The Commissioner of Water Management of the Eastern Part of the Metropolitan Area and Counsellor of the Palace, Your Servant [Liu]Xiang says: The royal copies of Yanzi 晏子, which Your Servant has collated, consisted of eleven pian 篇. Together with [Fu] Can 富参, the Commandant of Changshe 长社, Your Servant has carefully collated and compared them with the five pian text used by the Grand Astrologer, with Your Servant’s own one- pian text, and with the thirteen- pian text used by[Fu] Can. The entire corpus of royal copies and private copies of Yanzi formed a set of thirty pian , comprising 838 items 章. I discarded twenty-two pian that duplicate the same material comprising 638 items, and established a definitive text of eight pian comprised of 215 items. Thirty-six items in the definitive text were absent from the private copies, while seventy-on items were absent from the royal copies. The royal and private copies were incorporated into the definitive text after comparing each of the variants and fixing the text on this basis. The royal copies had the character yao 夭for fang 芳; the character you 又 for bei 备; the character xian 先 for niu 牛; and the character zhang 章 for zhang 长—and many other occurrences of this kind. I have combined and pruned them with great care and after having transcribed everything into the definitive text, I inscribed it on dried bamboo slips cured over fire so that fine copies may be made from them.

Yanzi’s personal name was Ying, his posthumous name Pingzhong 平仲. He was a native of Lai — today’s Donglai 东莱. He was a person of broad learning and retentive memory, and possessed a thorough understanding of ancient and modern learning.

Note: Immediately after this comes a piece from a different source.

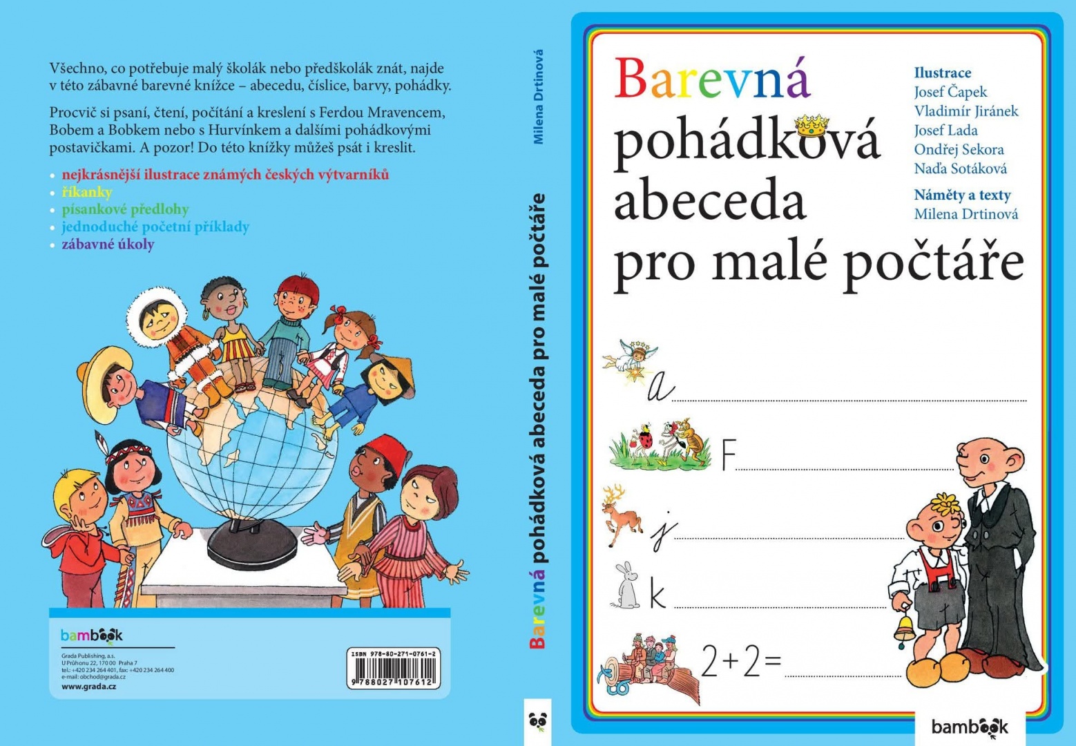 Barevná a zábavná knížka pro všechny děti, které se chtějí spolu s pohádkovými kamarády naučit nebo procvičit abecedu (slovem i písmem) a počítání od 1 do 100. Obrázky známých českých ilustrátorů (Josef Čapek, Vladimír Jiránek, Josef Lada, Ondřej Sekora, Naďa Sotáková, Jiří Trnka) provázejí krátké říkánky. EAN: 9788086574059, rok vydání: 2003, nakladatelství: Tváře

He served Dukes Ling,Zhuang, and Jing of Qi, and carried out his activities with parsimony. He exhibited supreme loyalty and remonstrated relentlessly in leading the state of Qi. On the strength of his efforts, these rulers were able to rectify their conduct and the people were able to keep their family together. When he was not in government service, he retired and plowed in the countryside;when he was in government office, he never violated his principles. He could not be intimidated by evil; even when a naked blade was placed upon his chest, he did not relent to Cui Zhu’s 崔杼 intimidation. He presented his remonstrations to the dukes of Qi; his words were elusive but telling,rhetorically pleasing but cutting. When he served as an envoy to the state sovereigns, no one could contravene his arguments. Such was the extent of his broad knowledge and thorough understanding. He was virtually equal to Guan Zhong 管仲. Within his family, he treated his relatives with proper affection; towards others, he treated the worthy generously. He served in the position of Prime Minister and received an emolument of tenthousand zhong 钟. Therefore, there were more than five hundred family members and relatives that depended upon his emolument in order to buy clothing and food, and the number of scholar-recluses who depended upon his emolument in order to receive their daily bread was great. Yanzi wore coarse clothing and covered himself in deer pelts; he drove a worn out nag and a broken down chariot. He exhausted his entire emolument on family,relatives, and friends. Because of all this, the people of Qi treated him with honor. Apparently, Yanzi was a person of diminutive height.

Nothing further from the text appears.